** Opening Source material block **
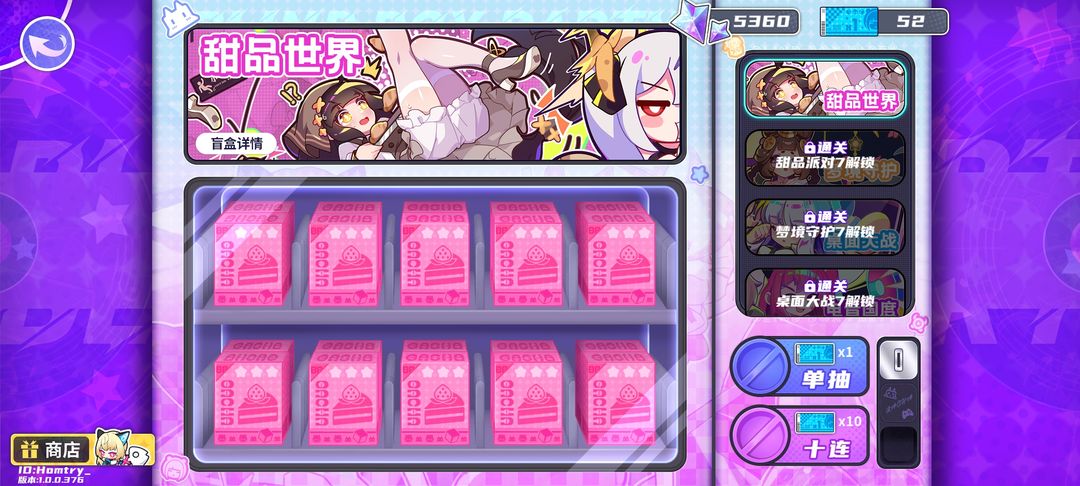 如图所示,抽卡功能需要在“甜品派对”简单难度第5关通关后解锁。因此首要目标是推进关卡至甜品5。
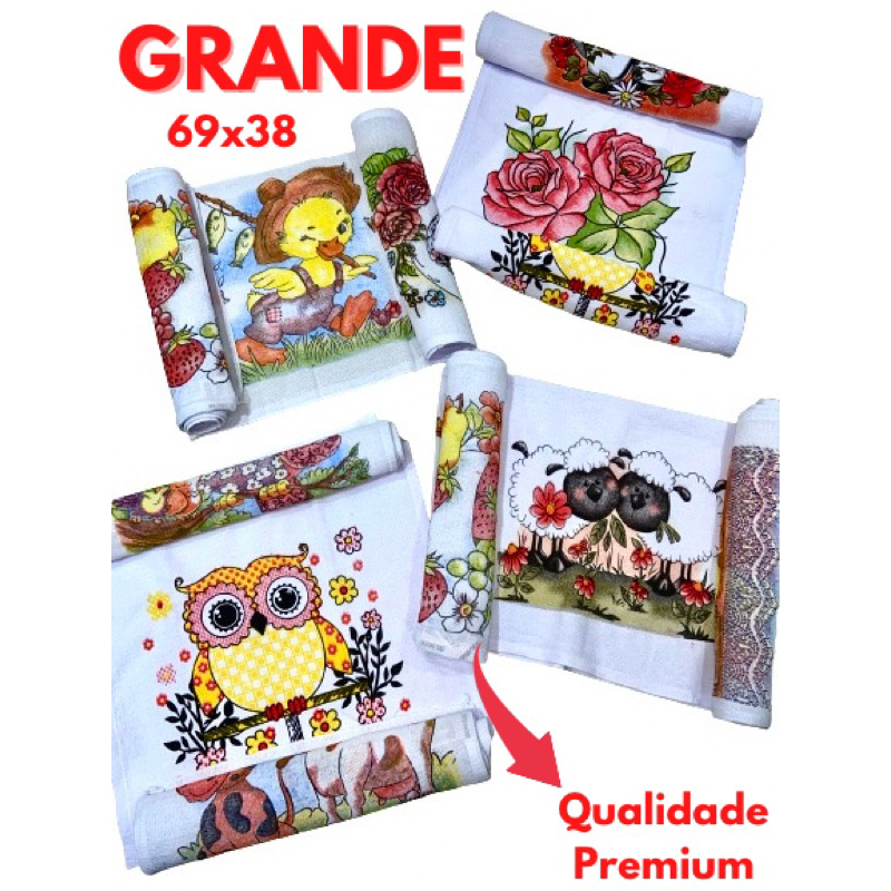 Kit Pano de Prato Grande Legítimo Original Pé De Galinha Premium Estampado Excelente Absorção 100% Algodão
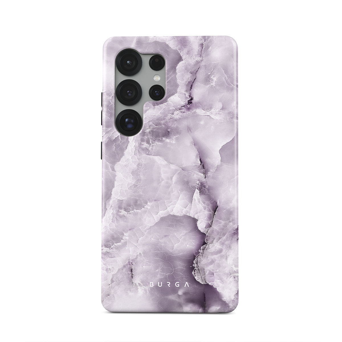 The gray violet-colored Black Currant Samsung Galaxy S25 Ultra phone case showcases a soft marble design that will add a touch of luxury to your style. The color itself represents the future and dreams, yet the nature of it offers a calming effect. Keep a piece of serenity in your hands.
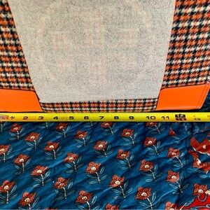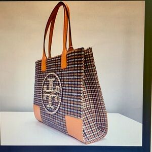 Chic Tory Burch tote with Ember Glenn plaid design. Versatile and stylish accessory.
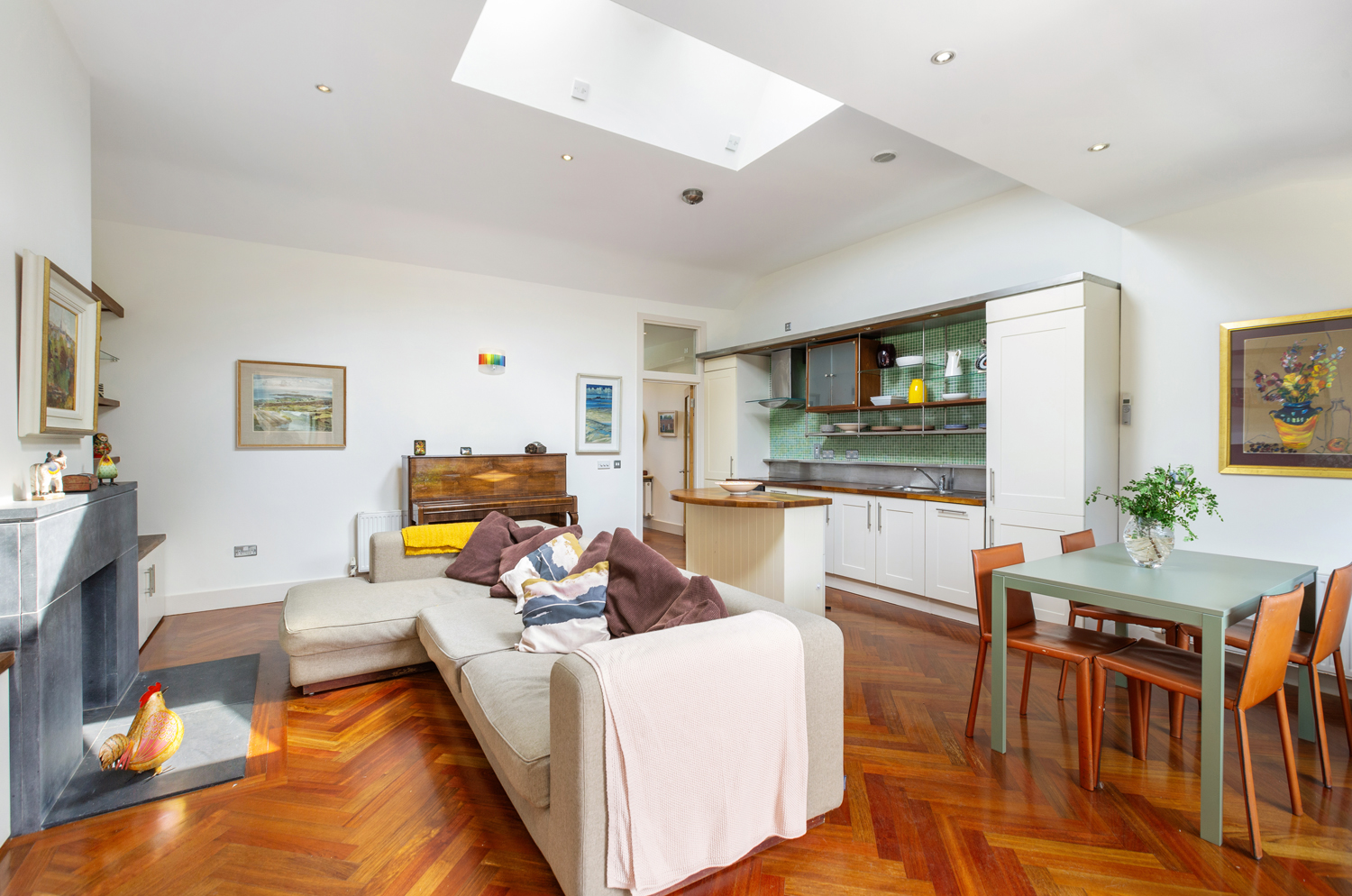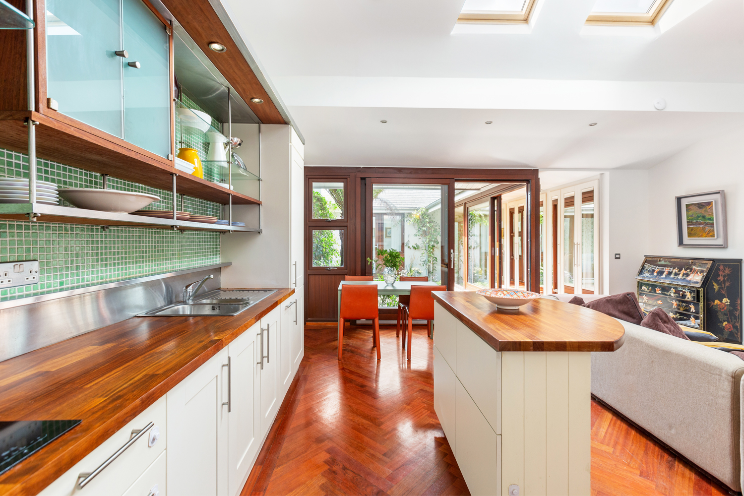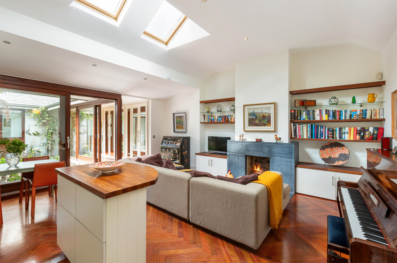 Vaulted ceiling. Jatobá hardwood floor. Roof lights * 2. Open fireplace with slate hearth and surround. Built in shelving and storage. Large sliding door to courtyard.Fitted wall and floor units. There isn’t actually a fridge freezer in situ, just a place for one.Stainless steel sink units. Fitted shelving. Electric oven, hob and extractor fan. Alarm panel. Integrated dishwasher and moveable Island.
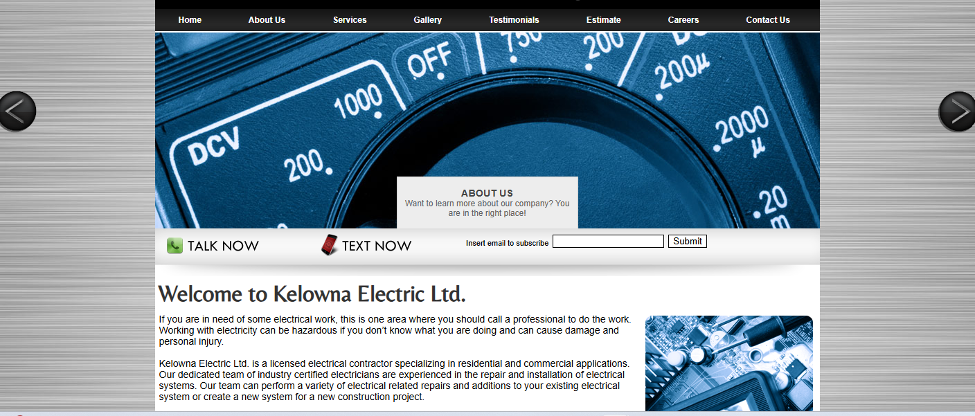 Emergency service highlight and 24/7 contact features for an electrical contractor.
** Closing Source material block **
• [Task to carry out]: Your reply should be the lines of the records from the start through the line with "Kit Pano de", copied word for word, pictures omitted.

• [Reply to the task]:
 如图所示,抽卡功能需要在“甜品派对”简单难度第5关通关后解锁。因此首要目标是推进关卡至甜品5。
 Kit Pano de Prato Grande Legítimo Original Pé De Galinha Premium Estampado Excelente Absorção 100% Algodão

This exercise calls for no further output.